Intervention: Participants were allocated to receive GH therapy (TG, 0.2-0.6mg/d) or no treatment (CG) for 1yr. Outcomes were assessed before (T1) and after (T2) treatment.

Outcome Measures: Activities of Daily Living (ADL); Quality of Life Brain Injury (QOLBI); Verbal Memory (VM); Rey Complex Figure (RCF); Reaction Time (RT).

1.        Both groups showed significant improvement in instrumental ADL (iADL, p=0.001) at T2, but not personal ADL (pADL).

 

2.        Both groups showed significant improvement in QOLBI total scores (p=0.019) and intellectual (p=0.001), functional (p=0.023), and personal (p=0.044) subscores at T2, but not physical, psychological, and social subscores.

 

3.        Both groups showed significant improvement (p<0.050) in aspects of attention (RT), memory (VM), and visuospatial (RCF) abilities at T2.

 

4.        The TG showed significantly greater improvement in QOLBI functional (p=0.023) and personal (p=0.019) subscores, as well as RCF (p=0.037), but no significant difference was found for other outcome measures.

 

5.        There was a significant correlation (p<0.050) between QOLBI total and pADL (r=0.49).

 

6.        There was a significant negative correlation (p<0.01) between attention (RT) and pADL (r=-0.59) and iADL (r=-0.56).

Reimunde et al. (2011)

Spain

Cohort

N=19

Population: TBI; Gender: Male=19, Female=0. With Growth Hormone Deficiency (GHD) Group (n=11): Mean Age=53.36 yr; Mean Time Post Injury=44.55 mo. Without GHD group (n=8): Mean Age=47.12 yr; Mean Time Post Injury=46.6 mo.

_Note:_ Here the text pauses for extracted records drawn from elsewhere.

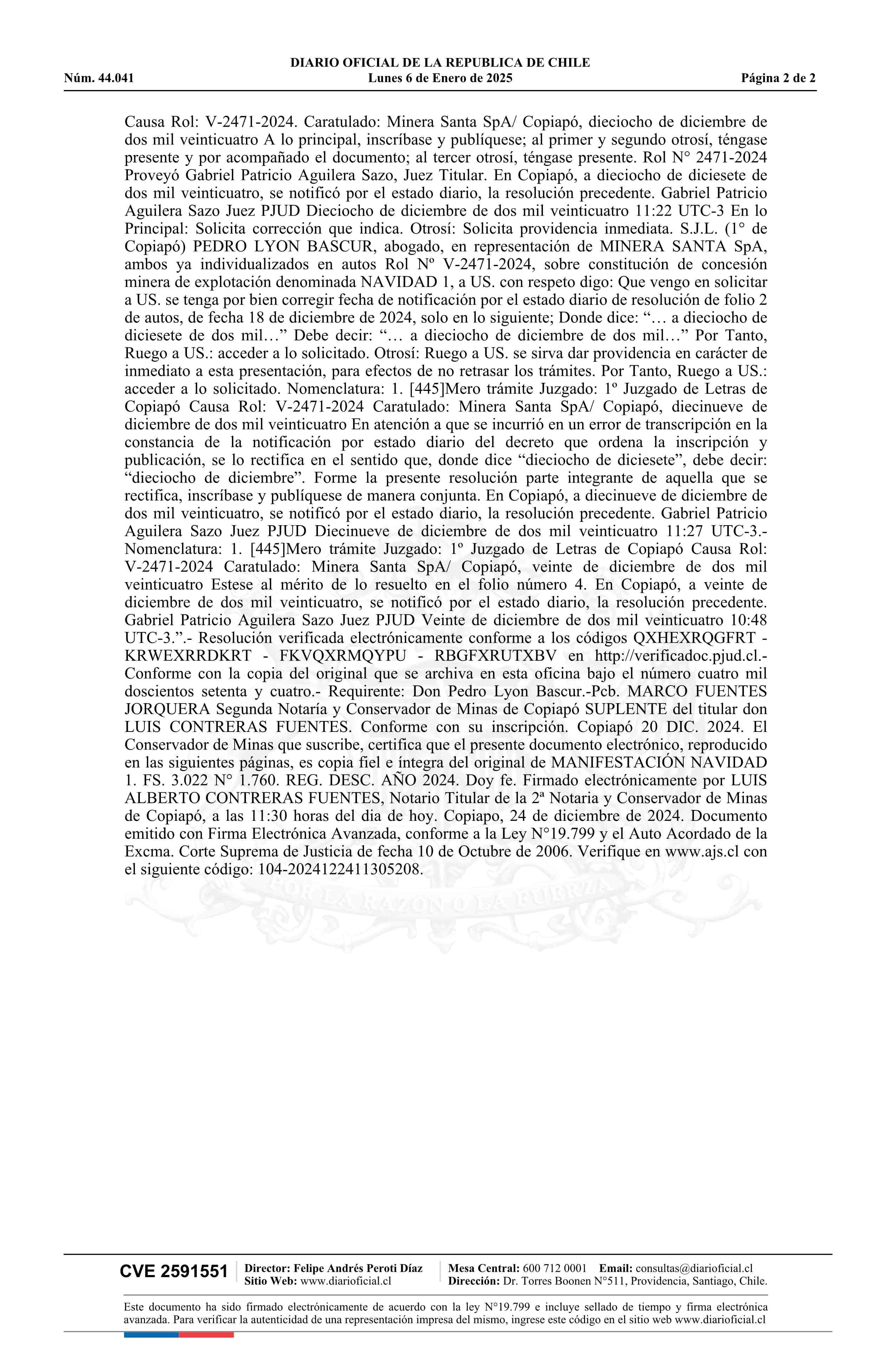 NAVIDAD 1 / Minera Santa SpA 06-01-2025 DIARIO OFICIAL CHILE - BOLETÍN OFICIAL DE MINERÍA |
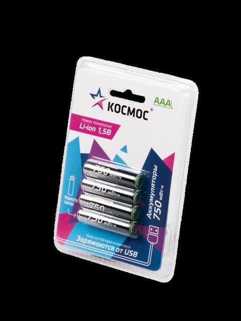 Космос ААА 750мАч Li-ion BL-4 USB-заряд /4/48/
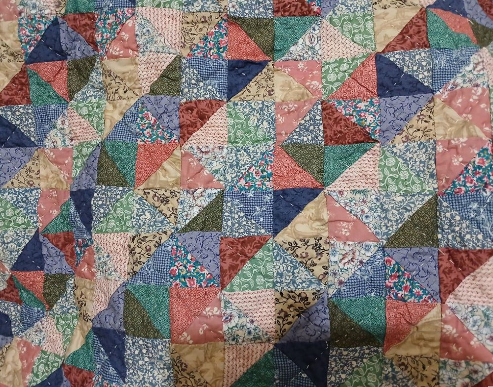 We absolutely adore this quilt. There must be a thousand 2.25”x2.25” squares in this quilt. In fact, the precise total number of squares is 2,304, meticulously hand pieced together.
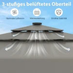 Lauko skėtis 300x248cm pilkos ir juodos spalvos skirtas terasoms, kiemams bei sodams. Saulės energija varomas skėtis užtikrina patogią apsaugą nuo saulės, papildytą LED apšvietimu bei reguliuojamu ventiliuojamu stogeliu, prisitaikančiu prie oro sąlygų.
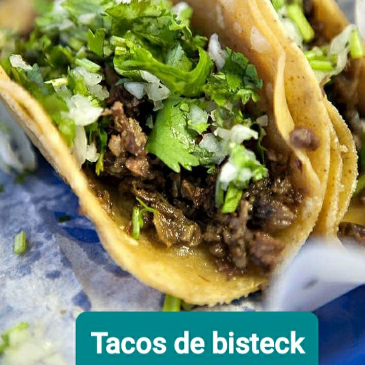 2 Tortillas de maíz mediana, bistec de res, acompañado de verdura y salsa.
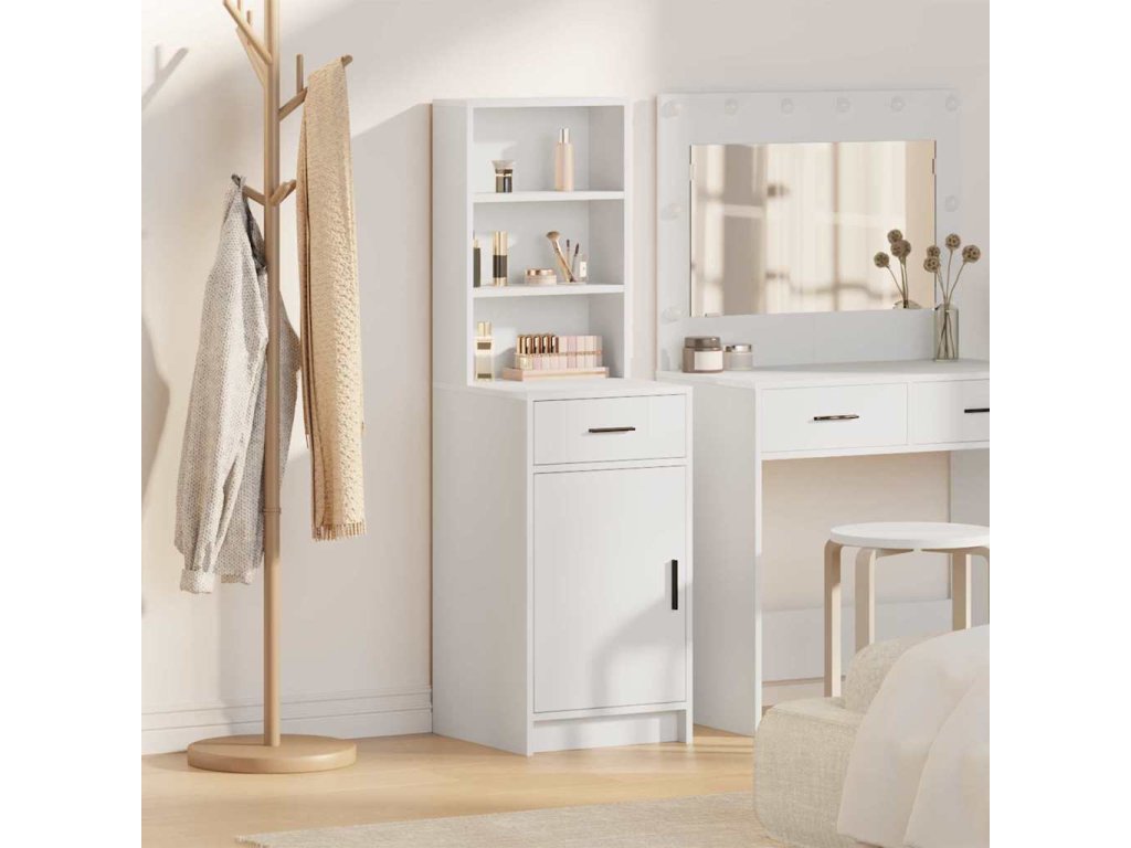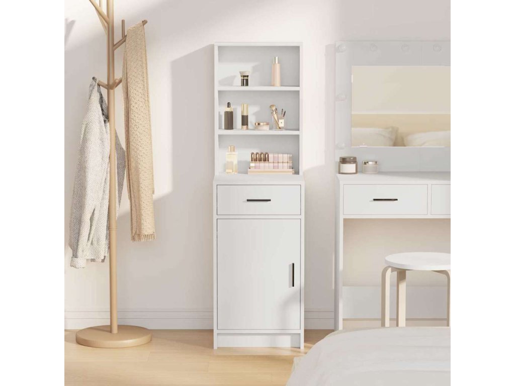 - Konstrukce z kompozitního dřeva Tenhle moderní vysoký kabinet je převážně z kompozitního dřeva, takže má pevnou strukturu, co unese kdeco v uložených prostorách. Matný povrch na rámu a úchytkách nejenže vypadá moderně, ale také pomáhá, aby povrch nebyl otravně lesklý.
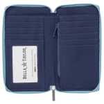 CLASSIC AMERICAN FLORALS: Delicate Floral Blue brings back sweet childhood memories of Grandma’s garden with traditional pretty flowers in light blue, soft teal, silver gray and olive on a vintage cream background. Wallets are lined with durable navy microfiber.
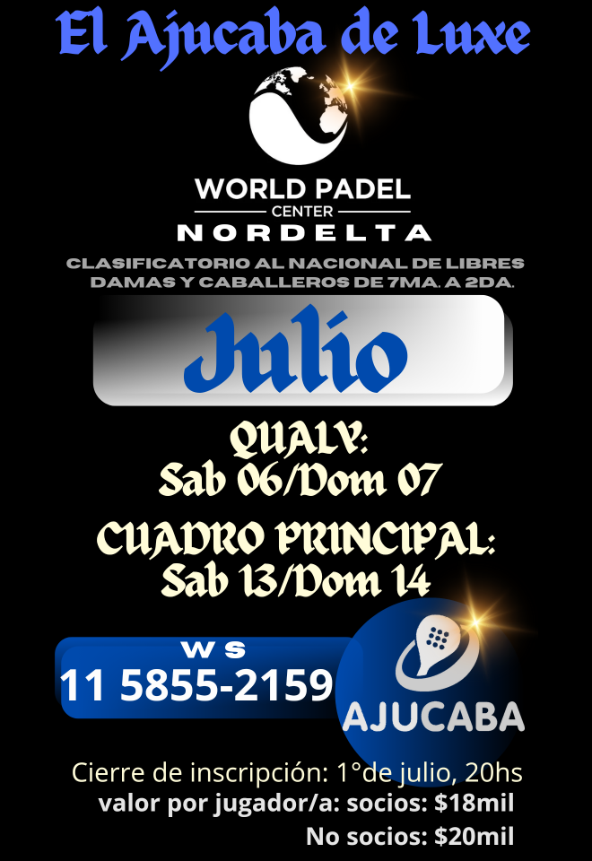 »» Evento: El AJUCABA de LUXE -3er. Torneo de Libres 2024- »» Localidad: Capital Federal »» Fechas: 06/07/2024 al 14/07/2024

Intervention: Those with GHD received recombinant human GH (rhGH), subcutaneously (0.5 mg/d for 20d then 1 mg/d for 5 d). Those without GHD were given a placebo. Cognitive rehabilitation was given to everyone (1 hr/d, 5d for 3 mo).

Outcome Measure: Weschler Adult Intelligence Scale (WAIS).

1.        Results of the WAIS indicated that the control group improved significantly on the digits and manipulative intelligence quotient (p<0.050).

2.        For those in the treatment groups improvement was noted in cognitive parameters: understanding digits, numbers and incomplete figures (p<0.050) and similarities vocabulary, verbal IQ, Manipulative IQ, and total IQ (p<0.010).